## Information provided
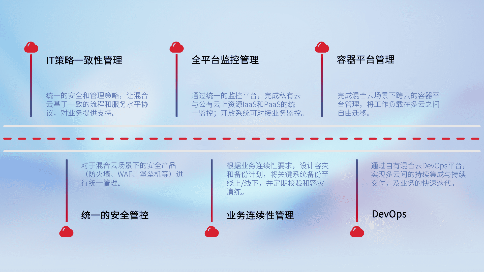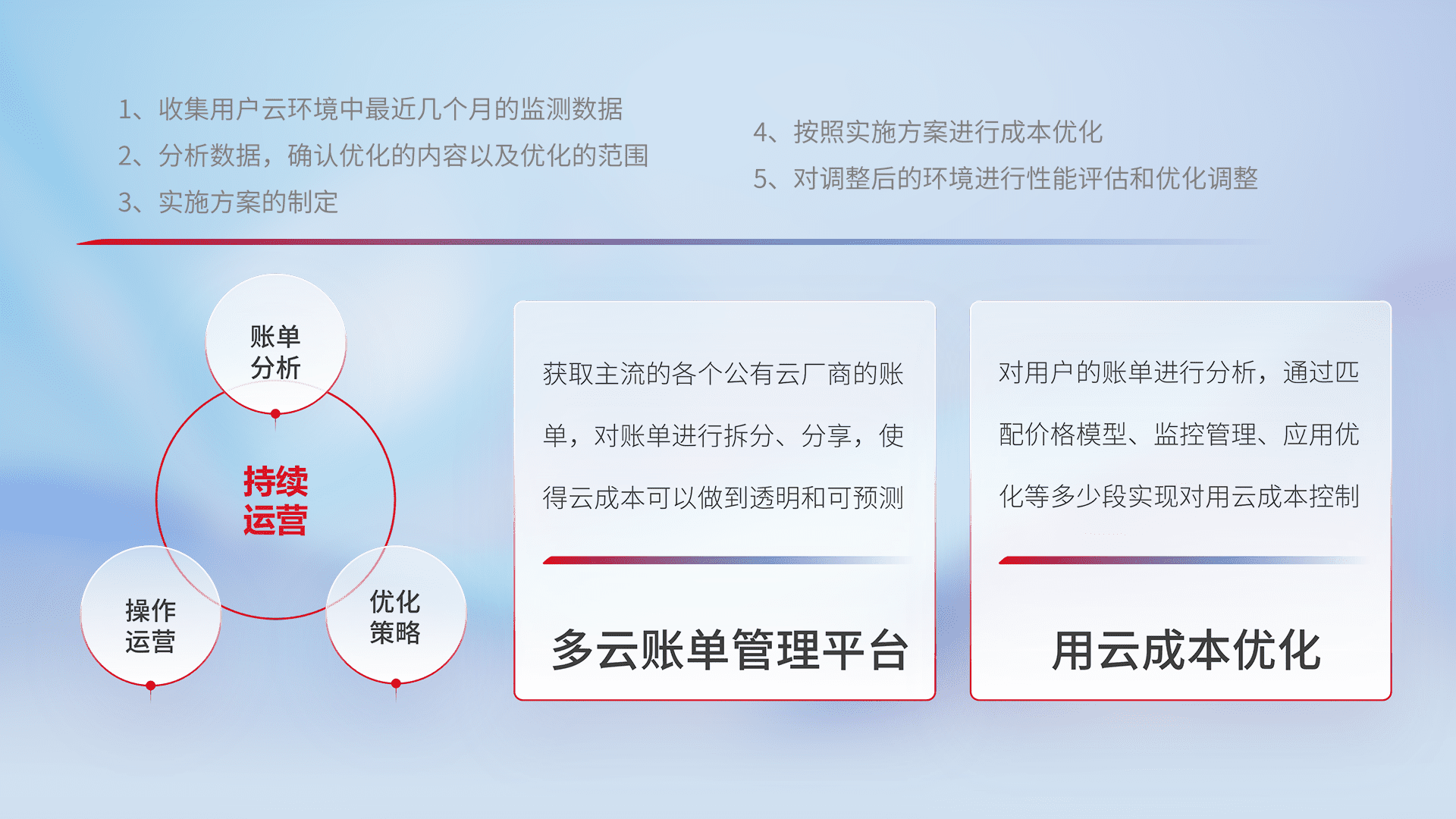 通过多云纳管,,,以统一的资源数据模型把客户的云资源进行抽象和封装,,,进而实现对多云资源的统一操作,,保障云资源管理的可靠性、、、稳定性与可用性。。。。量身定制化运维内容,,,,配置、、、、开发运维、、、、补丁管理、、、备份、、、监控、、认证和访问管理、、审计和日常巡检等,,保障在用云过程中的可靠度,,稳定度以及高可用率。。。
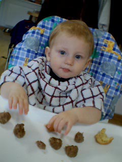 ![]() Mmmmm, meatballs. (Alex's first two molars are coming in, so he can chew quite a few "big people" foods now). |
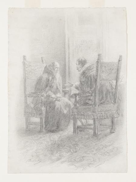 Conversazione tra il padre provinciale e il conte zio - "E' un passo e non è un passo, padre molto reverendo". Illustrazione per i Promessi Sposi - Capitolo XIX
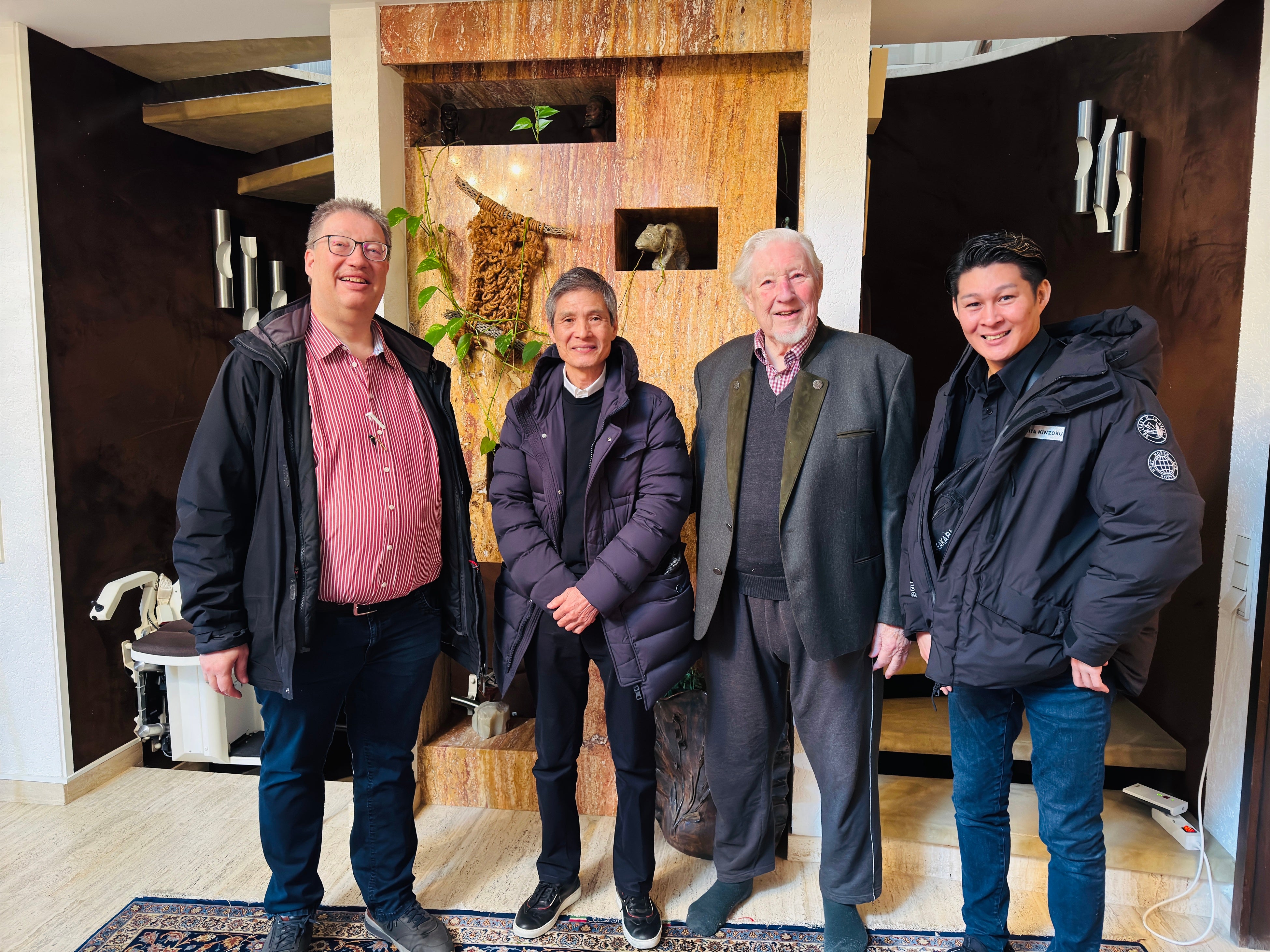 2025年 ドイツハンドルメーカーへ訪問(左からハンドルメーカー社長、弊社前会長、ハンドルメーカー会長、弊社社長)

## To do
Please print the entire listing again exactly, minus its images.

## Your response
 通过多云纳管,,,以统一的资源数据模型把客户的云资源进行抽象和封装,,,进而实现对多云资源的统一操作,,保障云资源管理的可靠性、、、稳定性与可用性。。。。量身定制化运维内容,,,,配置、、、、开发运维、、、、补丁管理、、、备份、、、监控、、认证和访问管理、、审计和日常巡检等,,保障在用云过程中的可靠度,,稳定度以及高可用率。。。
 ![]() Mmmmm, meatballs. (Alex's first two molars are coming in, so he can chew quite a few "big people" foods now). |
 Conversazione tra il padre provinciale e il conte zio - "E' un passo e non è un passo, padre molto reverendo". Illustrazione per i Promessi Sposi - Capitolo XIX
 2025年 ドイツハンドルメーカーへ訪問(左からハンドルメーカー社長、弊社前会長、ハンドルメーカー会長、弊社社長)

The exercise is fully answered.